Segundo as disposições dessa perspectiva, num sentido lato, ela se afasta por definitivo da idéia de compreender isoladamente os problemas ou os sujeitos. Seu intento transcende, portanto, o imediatismo. Busca captar múltiplos argumentos,

articulando-os à natureza e função dos discursos, das relações sociais; dos valores produzidos nos diferentes ambientes culturais ao lugar das classes, gêneros, raças, e, por fim, compreender a história política.

Entretanto para que os intelectuais transformadores/as possam promover mudanças dessa envergadura praxiológica, precisam, segundo Giroux (1997, p. 163), desenvolver um discurso que una a linguagem da crítica e a linguagem da possibilidade, indicando novas formas de cultura, práticas sociais alternativas com outros modos de comunicação, ancorados numa visão realizável do futuro, ampliando, assim, o campo da cultura escolar enquanto espaço de luta politicamente contra-hegenômico. Juntamos a essas duas categorias outros pressupostos: a necessidade de se fazer valer no tempo presente o desejo de um ideal político - superando a espontaneidade - a falta de qualidade no desempenho intelectual ou o pouco engajamento quanto à ausência de um plano de conquista da autonomia cultural e domínio moral. Dentro dessa tarefa, cabe lembrar que a imobilidade de iniciativa dos sujeitos é um componente específico relativo à meta de desenvolvimento das ações estratégicas, e deva ser analisado a partir dos interesses gerais das lutas políticas. Constituir uma vanguarda que resista, combata e proponha alternativas possíveis é um esforço sumamente necessário à luta contra as desigualdades. A “teoria revolucionária sem movimento revolucionário” pensada por Lenin (1981, p. 134) - o armamento das massas - pode parecer para alguns uma sentença escaldada. Porém, o menosprezo dessa articulação revelou em práticas diversas, quão frágeis podem ser as lutas políticas sem estratégias solidamente claras. Ensina uma lei da mecânica que a ação iguala a reação; já na história, conforme Lenin (1978, p. 79) a força destruidora de uma revolução também depende, em medida apreciável, da força e da duração da regressão que sofreram

as aspirações à liberdade; depende da profundidade do antagonismo entre a “superestrutura” arcaica da sociedade e as forças vivas da época considerada.

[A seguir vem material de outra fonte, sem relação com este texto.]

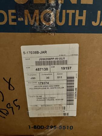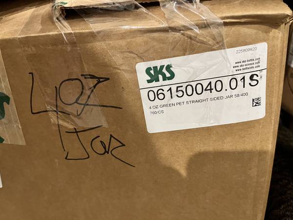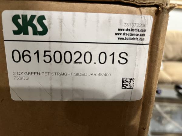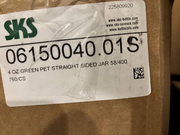 2oz - 3oz - 4oz - 8oz jars w/ caps New in cases Cap -48 MM J PPRO DA Black Domed PP Lined caps - 8400 pcs Cap- 58MM JPPRO DA Black Smooth top and side PP lined caps - 5000 pcs 8oz. Green PET...

Assim, é fundamental rechaçar, o voluntarismo espontaneísta, isto é, aquelas ações sem definição política precisa, isso por que a linguagem da possibilidade é uma disposição possível quando subverte radicalmente toda a pérfida enfermidade que acompanha a dominação de classes, seja ela de que forma se apresente. Em alguns casos a resistência pode parecer fraca, desarticulada ou dispersa, mas não significa sua inexistência. São forças que se complementam, embora contraditoriamente. Aqui a liberdade não pode ser apenas uma “grande palavra” (Lenin), um superficial juízo de valor moral, uma representação metafórica ou a ingênua intenção de planificar as “raças”, mas uma meta verdadeira, com força suficiente, capaz de assegurar mudanças real e constitutivas de um futuro, onde todos/as consigam em vida serem aceitos com suas diferenças.

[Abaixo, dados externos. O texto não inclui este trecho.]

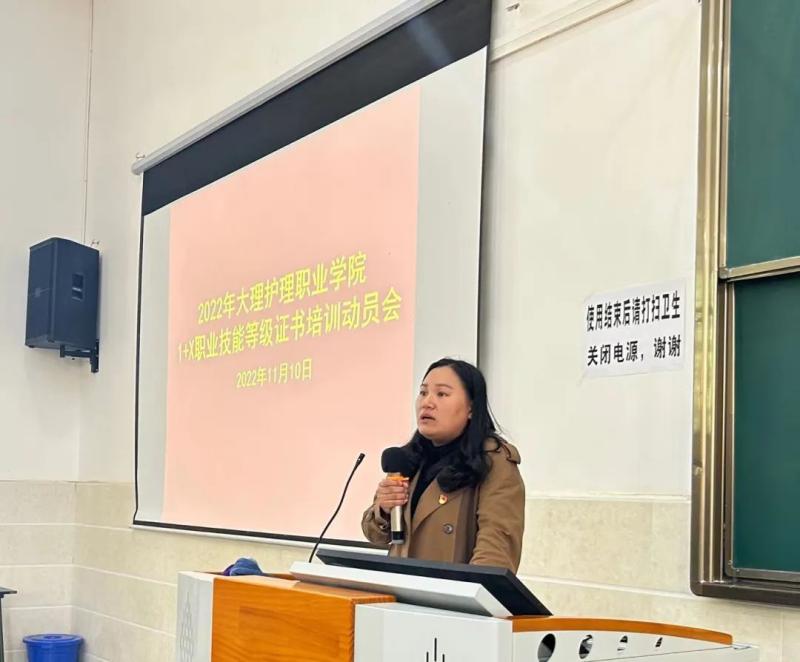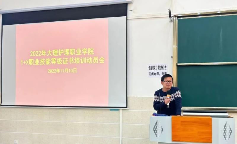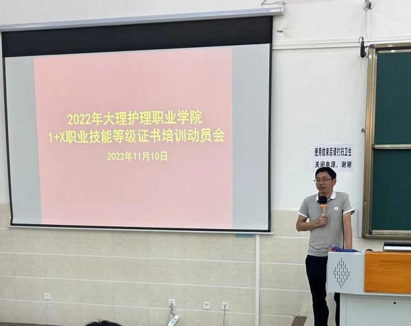 11月10日下午,贝博官网组织召开“1+X”职业技能等级证书培训动员大会。教务科、护理系、证书项目组教师和参培学生参加本次动员大会。会议由护理系郭太兵主任主持。

Não há superação de relações capitalistas se a estrutura de exploração também capitalista permance inalterada. Nesse caso, cabe aos professres/as enquanto intelectuais trasformadores/as, significar, no plano praxiológico, os diversos equívocos interpretativos listados como referenciais e/ou paradigmas teóricos, seja quanto aos processos de uma exploração exacerbada, exclusão contínua, formas de alienação, produção de violências ou mesmo quanto às redutoras análises sobre ensino/aprendizagem e fracasso escolar.